But if these men had been kept right, it may be said, and there had been no one to bring in an offense, would not this saying have been convicted of falsehood? By no means, for neither would it have been spoken. For if all were to have been kept right, He would not have said, "it must needs be that they come," but because He foreknew they would be of themselves incorrigible, therefore He said, the offenses will surely come.

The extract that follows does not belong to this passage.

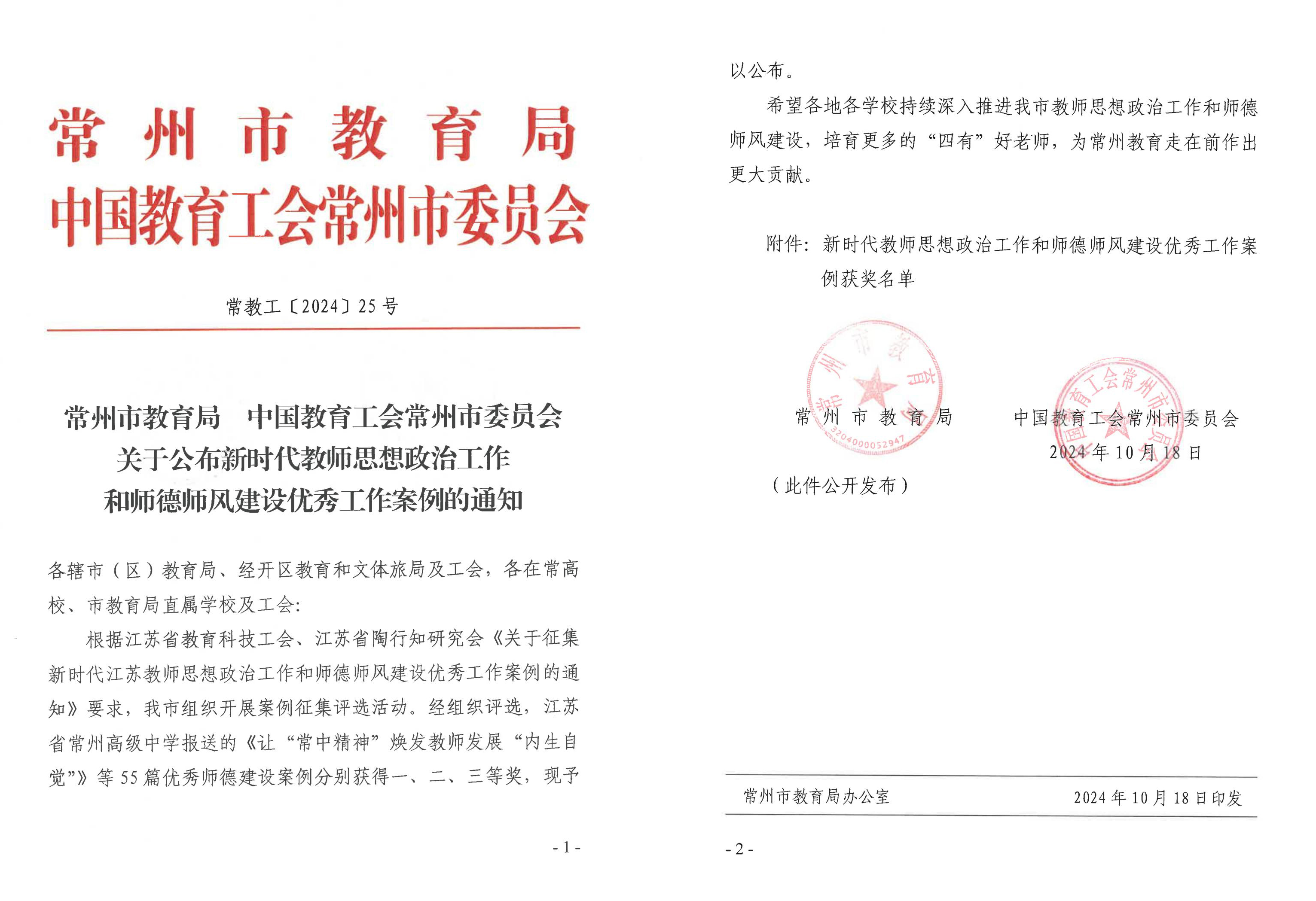 近日,从《常州市教育局 中国教育工会常州市委员会关于公布新时代教师思想政治工作和师德师风建设优秀工作案例的通知》中获悉,我校工会和党委教师工作部联合选送的《党建引领 建强“五链” 推进师德师风建设》工作案例荣获一等奖。
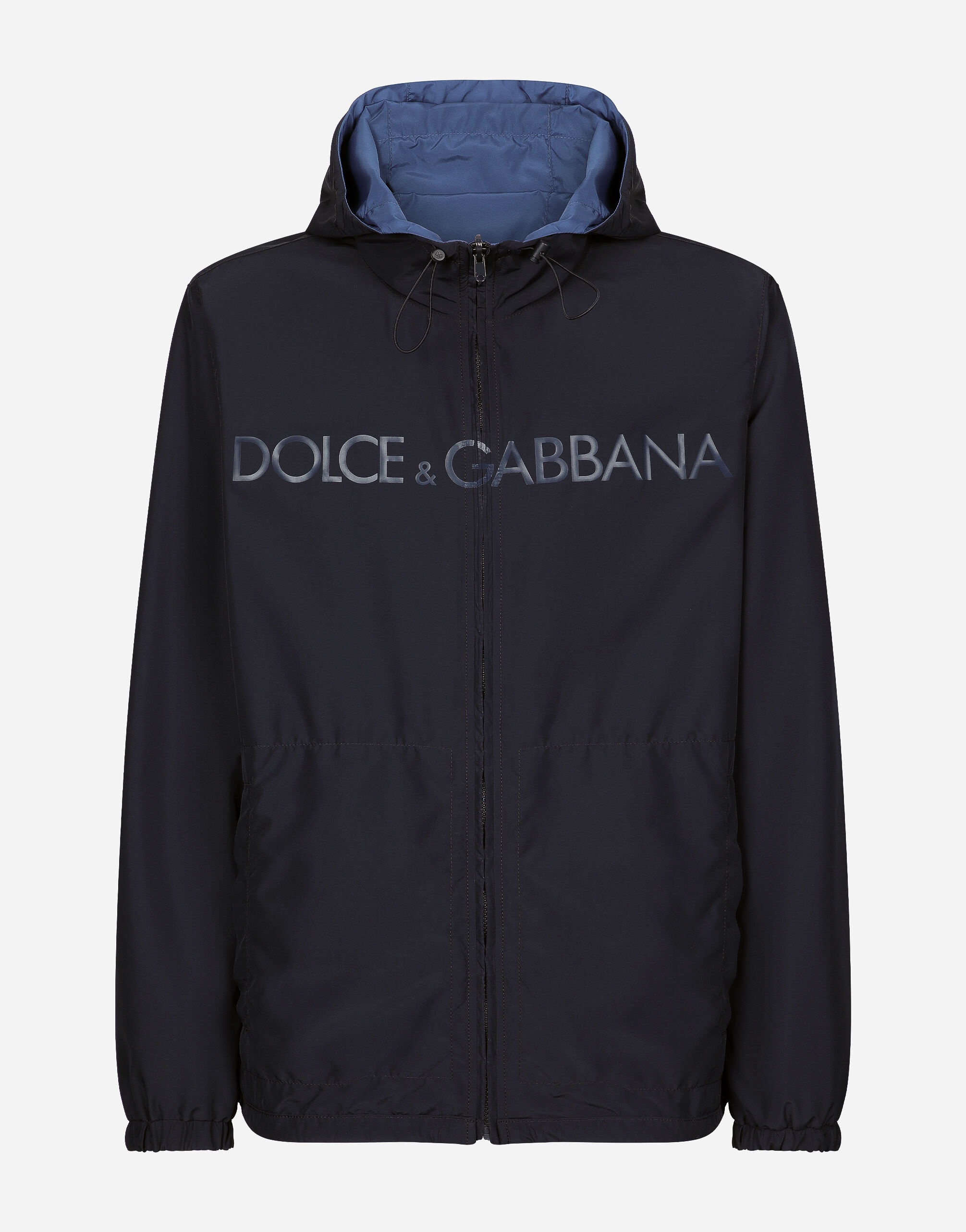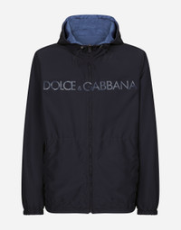 The Marina line has us dreaming of the Mediterranean sea and its myriad shades of blue, while also bringing weathered sailors to mind, yet with a contemporary edge. Aesthetic influences and clear lines, stormy sea Blue jackets, multi-pocket pieces, waterproof garments, anchor prints and materials that invite us to discover the “lighthouse keeper”. Fascinating, enigmatic and at times lonely, it tells the tale of a new masculine sensuality built with small yet precise proportions and attention to stylish detail. Reversible technical fabric jacket with Dolce&Gabbana logo: • Blue • Drawstring hood • Zipper fastening • Concealed press-stud buttons on pockets • Adjustable drawstring hem • The piece measures 73 cm from the rear collar seam on a size IT 48 • Made in Italy External composition: 100% Polyester Internal composition: 100% Polyester

And wherefore did He not take them out of the way? it may be said. Why, wherefore should they have been taken out of the way? For the sake of them that are hurt? But not thence is the ruin of them that are hurt, but from their own remissness. And the virtuous prove it, who, so far from being injured thereby, are even in the greatest degree profited, such as was Job, such as was Joseph, such as were all the righteous, and the apostles. But if many perish, it is from their own slumbering. But if it were not so, but the ruin was the effect of the offenses, all must have perished. And if there are those who escape, let him who doth not escape impute it to himself. For the offenses, as I have said, awaken, and render more quick-sighted, and sharper, not only him that is preserved; but even him that hath fallen into them, if he rise up again quickly, for they render him more safe, and make him more difficult to overcome; so that if we be watchful, no small profit do we reap from hence, even to be continually awake. For if when we have enemies, and when so many dangers are pressing upon us, we sleep, what should we be if living in security. Nay, if thou wilt, look at the first man. For if having lived in paradise a short time, perchance not so much as a whole day, and having enjoyed delights, he drove on to such a pitch of wickedness, as even to imagine an equality with God, and to account the deceiver a benefactor, and not to keep to one commandment; if he had lived the rest of his life also without affliction, what would he not have done?
Homily on the Gospel of Matthew 59But let us tear these in pieces not by our words only, but by our deeds too. For neither are these things of necessity. For if they were of necessity, He would not have said, "Woe to the man, by whom the offense cometh." For those only doth he bewail, who are wicked by their choice.
And if He saith "by whom," marvel not. For not as though another were bringing in it by him, doth He say this, but viewing him as himself causing the whole. For the Scripture is wont to say, "by whom," for "of whom;" as when it saith, "I have gotten a man by God," putting not the second cause, but the first; and again, "Is not the interpretation of them by God," and, "God is faithful, by whom ye are called unto the fellowship of His Son."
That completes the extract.